The records below must be output exactly, without pictures.

═════ EXERCISE DATA

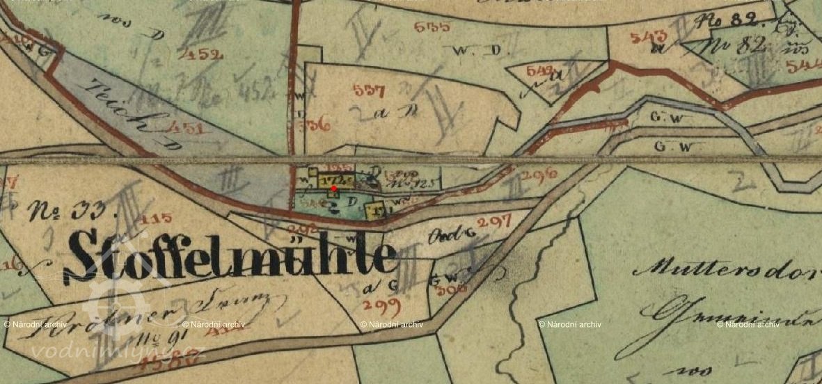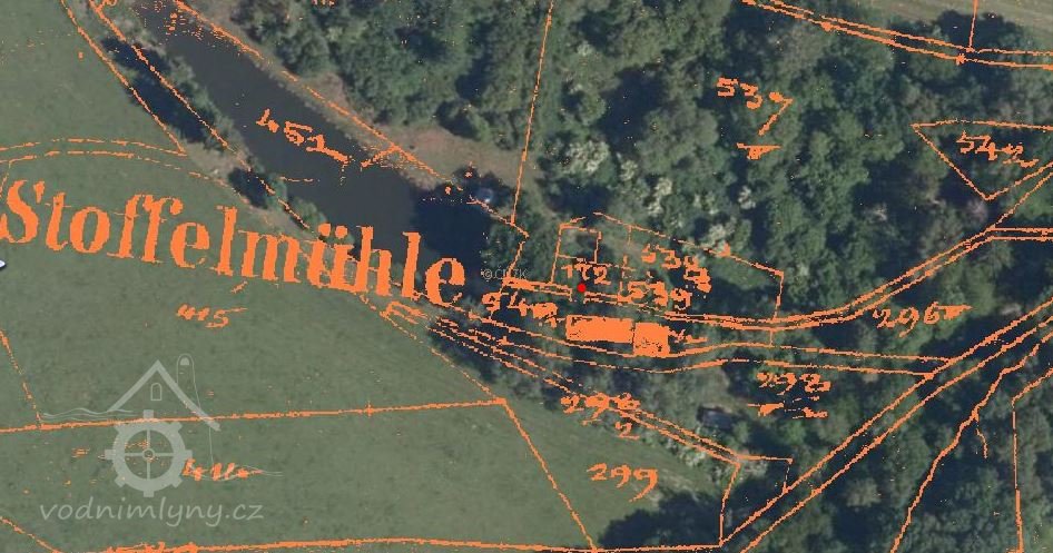 Stával téměř 2 km západně od centra obce, měl jeden byt, mlýn s pilou a stodolou, velká ovocná zahrada, pozemek 4,63 ha. Stál už v roce 1615.
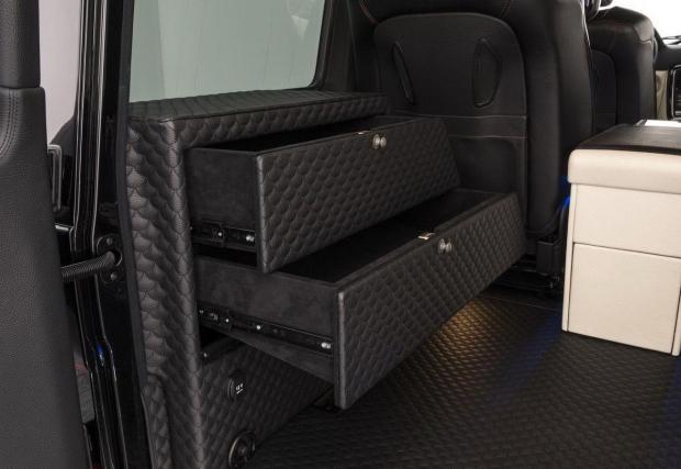 Част от промените засягат интериора, от който е разкарана общата задна седалка, за да бъде заменена с две индивидуални кресла. Поставките за чаши имат функция за охлаждане и загряване, очевидно е било необходимо да се добави и вграден сейф.
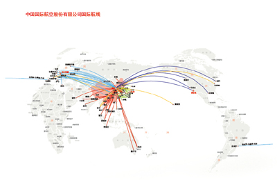 為加快實現“競爭實力世界前列,發展能力持續增強,客戶體驗完美獨特,相關利益穩步提升”的戰略目標,近年來國航致力于國際樞紐網絡的建設,逐步構建了北京國際樞紐、成都區域樞紐、上海門戶航線網絡。其中北京國際始發航線46條,國內始發84條;上海國際始發航線13條,國內始發20條;成都國際始發航線9條,國內始發55條。在加強中轉聯程樞紐建設,進一步均衡全球航線網絡的同時,國航也持續加大對各地區航線的運力增投,使二者相互促進,協同發展。
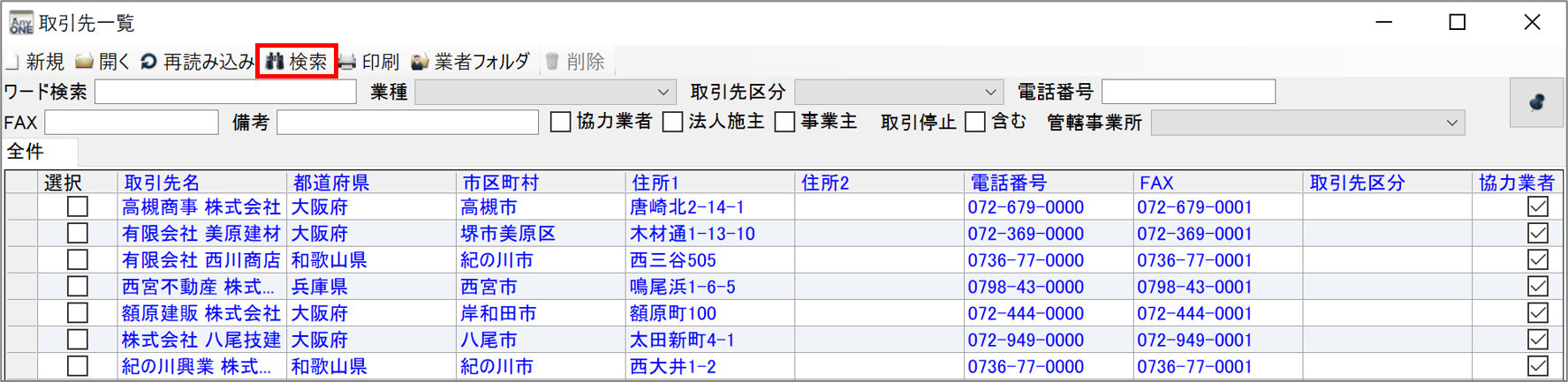 2)『取引先一覧』画面が表示されるので、ツールバーの「検索」をクリックします。
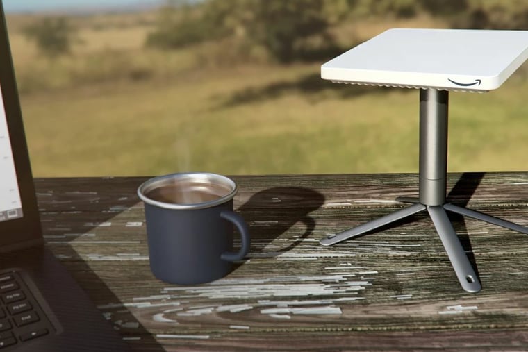 Erste Bilder der Empfangsantennen für das Satelliteninternet, die Amazon nun vorgestellt hat, versprechen genau das. Das kleinste, tragbare Modell ist nur knapp 18 Zentimeter lang und wiegt 450 Gramm und ist damit kompakter als ein Taschenbuch. Es lässt sich mit wenigen Handgriffen per Mini-Stativ auf dem Tisch neben den Laptop aufstellen.
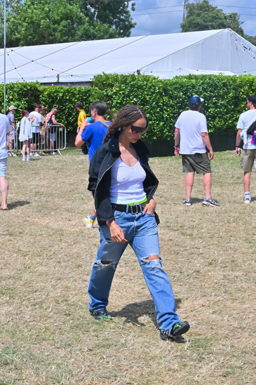 模特兒兼演員Adwoa Aboah近日成為Jo Malone品牌大使,在最新廣告中傳遞自愛的訊息。她也同時經營著Gurls Talk,一個為年輕女性打造的數碼平台。在音樂節上, 她以簡約的白T-Shirt配牛仔褲造型出現,並穿上有領飛行員外套與一雙舒適的運動鞋,散發率性氣息。
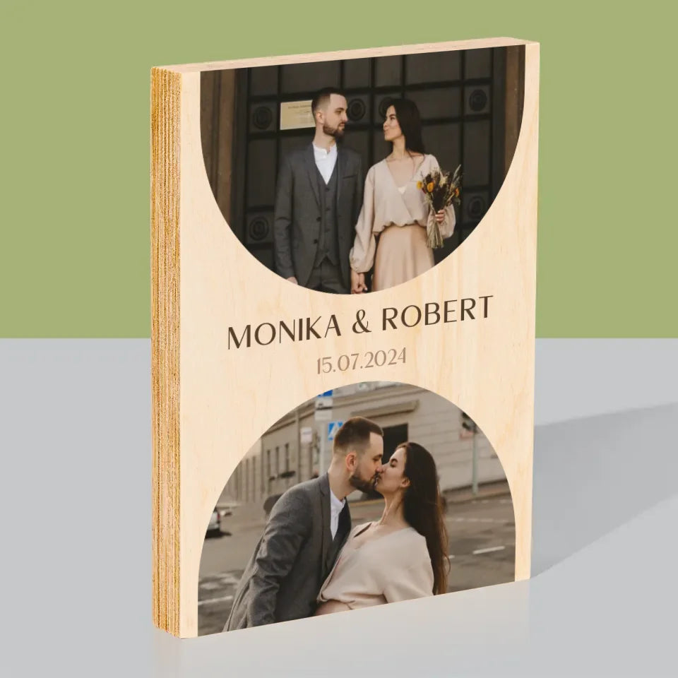 Fotocollage: Hochzeitsdatum - Druck auf Holz - Vertikal
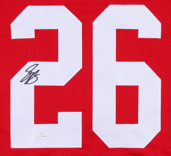 Custom on-field style jersey. Everything is sewn on, size XL. Hand-signed in black felt-tip pen by Saquon Barkley. The autograph(s) includes an official James Spence Authentication (JSA) "Signature Debut" hologram. "Signature Debut" is the autographed memorabilia equivalent to a rookie card. The JSA definition of a "Signature Debut" is as follows: "Any item that is autographed and received by JSA prior to the last game of the signer's official rookie season.Authentication: JSA Signature Debut Hologram Shop our ebay store / Friendly Confines Collectibles for thousands of different autographed jerseys
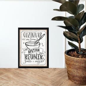 Quadro decorativo cozinha afetiva 45x34cm Moldura: madeira branca Informações do produto tire todas as suas dúvidas no descritivo abaixo: decoração para quarto, sala, cozinha, escritório, área gourmet e muito mais. Chega de paredes vazias. Medidas - cada peça tem 45x34cm a3 . Material do papel - papel fotográfico brilhante de altíssima resolução acabamento - todos os quadros são acompanhados de uma película de acetato para proteção da imagem. - os quadros são embalados de forma segura com plástico bolha com camada dupla de acordo com o tamanho dos quadros. Garantia - garantia de 3 meses. Meu quadro chegou. Como posso fixá-lo Você precisa apenas de um martelo e um prego, pois os quadros já vão acompanhados de penduradores. Esta é a forma mais indicada. Caso prefira, você pode utilizar uma fita dupla face neste caso, sugerimos de alta qualidade para evitar que descole e seu quadro caia . Como posso limpar meu quadro A limpeza é feita como um móvel comum da sua casa. Apenas um pano seco ou espanador são suficientes para tal
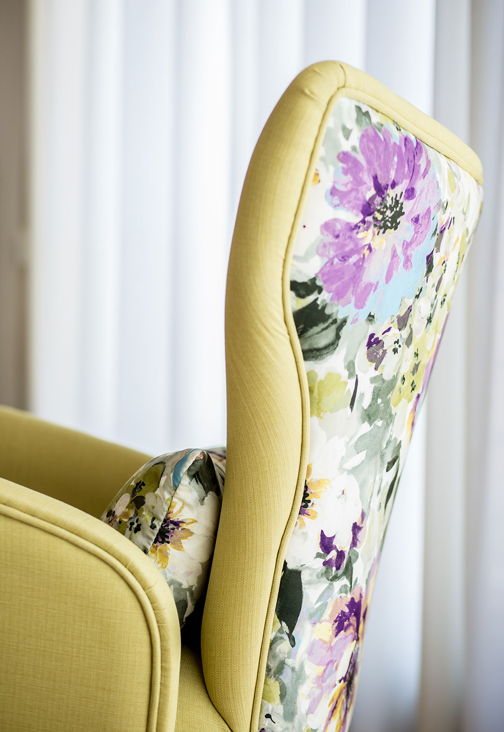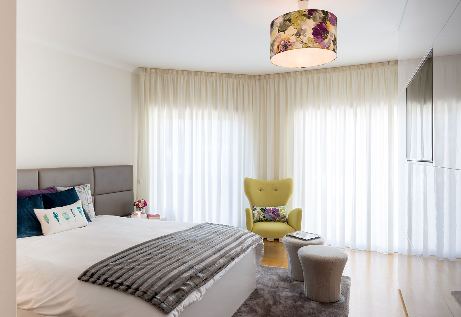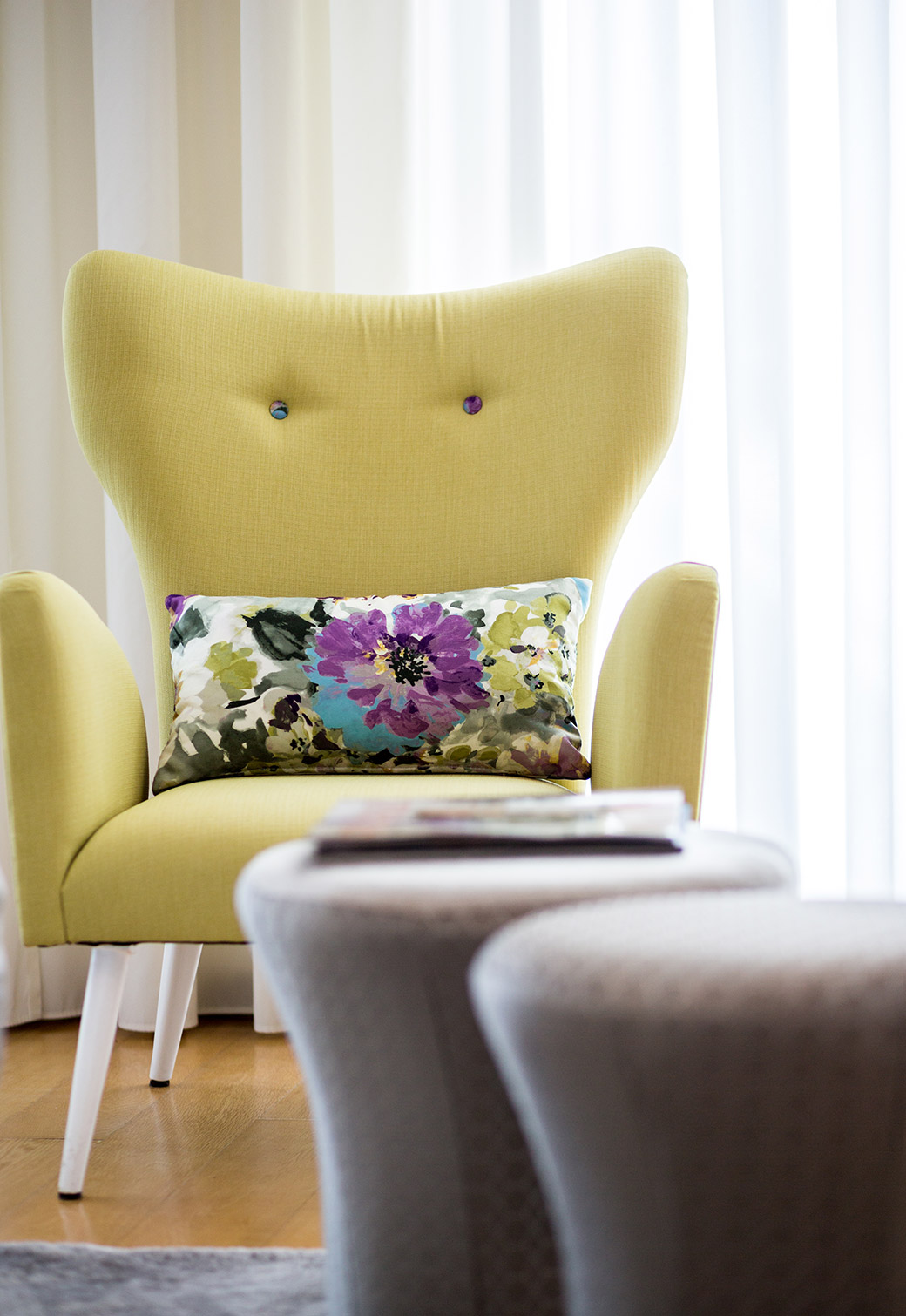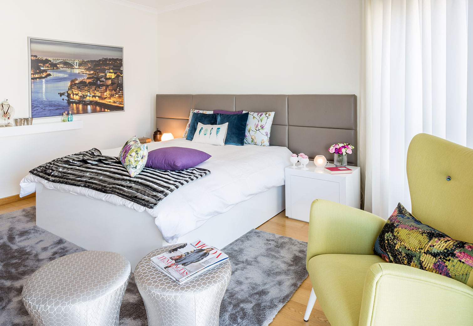 Do cadeirão com o botão igual às costas, passando pelas almofadas de cama com cores e tons a combinar com o arranjo da mesa de cabeceira, nada foi deixado ao acaso.
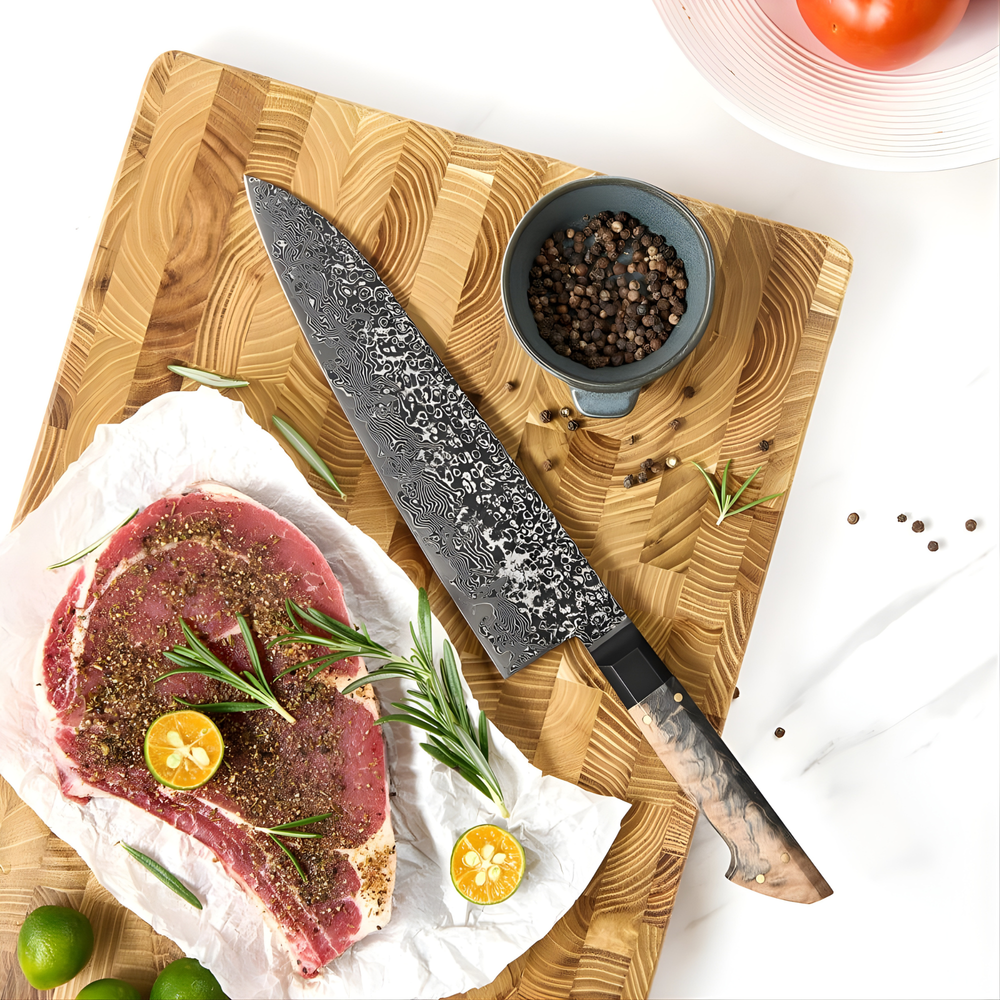 Similar to other knives, the steel of a chef's knife can be folded either singly or multiple times. When multiple layers of steel are used for the blade, it's referred to as Damascus steel. Damascus chef's knives are generally more expensive than monosteel chef's knives due to their more complex manufacturing process. However, the investment is worthwhile; the unique grain of the blades appeals to both hobbyists and professional chefs alike. To ensure every customer receives a personalized knife, we exclusively offer chef's knives made of damascus. Of course, monosteel blade options are also available. As long as high-quality steel is used, these knives should not be inferior to those made of Damascus steel.
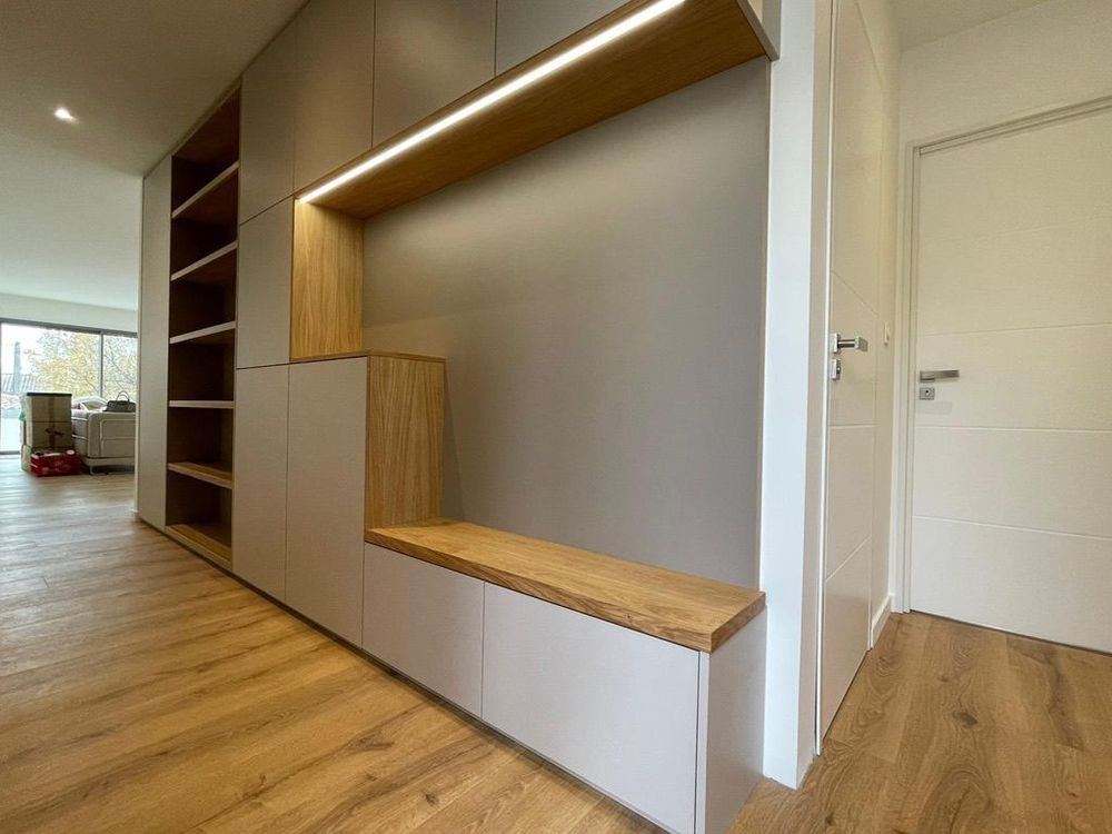 L’entrée a été pensée comme un espace structurant et chaleureux, combinant banc, tiroirs à chaussures, penderie et éclairage intégré.

══════════

• _TASK ANSWER_:
 Stával téměř 2 km západně od centra obce, měl jeden byt, mlýn s pilou a stodolou, velká ovocná zahrada, pozemek 4,63 ha. Stál už v roce 1615.
 Част от промените засягат интериора, от който е разкарана общата задна седалка, за да бъде заменена с две индивидуални кресла. Поставките за чаши имат функция за охлаждане и загряване, очевидно е било необходимо да се добави и вграден сейф.
 為加快實現“競爭實力世界前列,發展能力持續增強,客戶體驗完美獨特,相關利益穩步提升”的戰略目標,近年來國航致力于國際樞紐網絡的建設,逐步構建了北京國際樞紐、成都區域樞紐、上海門戶航線網絡。其中北京國際始發航線46條,國內始發84條;上海國際始發航線13條,國內始發20條;成都國際始發航線9條,國內始發55條。在加強中轉聯程樞紐建設,進一步均衡全球航線網絡的同時,國航也持續加大對各地區航線的運力增投,使二者相互促進,協同發展。
 2)『取引先一覧』画面が表示されるので、ツールバーの「検索」をクリックします。
 Erste Bilder der Empfangsantennen für das Satelliteninternet, die Amazon nun vorgestellt hat, versprechen genau das. Das kleinste, tragbare Modell ist nur knapp 18 Zentimeter lang und wiegt 450 Gramm und ist damit kompakter als ein Taschenbuch. Es lässt sich mit wenigen Handgriffen per Mini-Stativ auf dem Tisch neben den Laptop aufstellen.
 模特兒兼演員Adwoa Aboah近日成為Jo Malone品牌大使,在最新廣告中傳遞自愛的訊息。她也同時經營著Gurls Talk,一個為年輕女性打造的數碼平台。在音樂節上, 她以簡約的白T-Shirt配牛仔褲造型出現,並穿上有領飛行員外套與一雙舒適的運動鞋,散發率性氣息。
 Fotocollage: Hochzeitsdatum - Druck auf Holz - Vertikal
 Custom on-field style jersey. Everything is sewn on, size XL. Hand-signed in black felt-tip pen by Saquon Barkley. The autograph(s) includes an official James Spence Authentication (JSA) "Signature Debut" hologram. "Signature Debut" is the autographed memorabilia equivalent to a rookie card. The JSA definition of a "Signature Debut" is as follows: "Any item that is autographed and received by JSA prior to the last game of the signer's official rookie season.Authentication: JSA Signature Debut Hologram Shop our ebay store / Friendly Confines Collectibles for thousands of different autographed jerseys
 Quadro decorativo cozinha afetiva 45x34cm Moldura: madeira branca Informações do produto tire todas as suas dúvidas no descritivo abaixo: decoração para quarto, sala, cozinha, escritório, área gourmet e muito mais. Chega de paredes vazias. Medidas - cada peça tem 45x34cm a3 . Material do papel - papel fotográfico brilhante de altíssima resolução acabamento - todos os quadros são acompanhados de uma película de acetato para proteção da imagem. - os quadros são embalados de forma segura com plástico bolha com camada dupla de acordo com o tamanho dos quadros. Garantia - garantia de 3 meses. Meu quadro chegou. Como posso fixá-lo Você precisa apenas de um martelo e um prego, pois os quadros já vão acompanhados de penduradores. Esta é a forma mais indicada. Caso prefira, você pode utilizar uma fita dupla face neste caso, sugerimos de alta qualidade para evitar que descole e seu quadro caia . Como posso limpar meu quadro A limpeza é feita como um móvel comum da sua casa. Apenas um pano seco ou espanador são suficientes para tal
 Do cadeirão com o botão igual às costas, passando pelas almofadas de cama com cores e tons a combinar com o arranjo da mesa de cabeceira, nada foi deixado ao acaso.
 Similar to other knives, the steel of a chef's knife can be folded either singly or multiple times. When multiple layers of steel are used for the blade, it's referred to as Damascus steel. Damascus chef's knives are generally more expensive than monosteel chef's knives due to their more complex manufacturing process. However, the investment is worthwhile; the unique grain of the blades appeals to both hobbyists and professional chefs alike. To ensure every customer receives a personalized knife, we exclusively offer chef's knives made of damascus. Of course, monosteel blade options are also available. As long as high-quality steel is used, these knives should not be inferior to those made of Damascus steel.
 L’entrée a été pensée comme un espace structurant et chaleureux, combinant banc, tiroirs à chaussures, penderie et éclairage intégré.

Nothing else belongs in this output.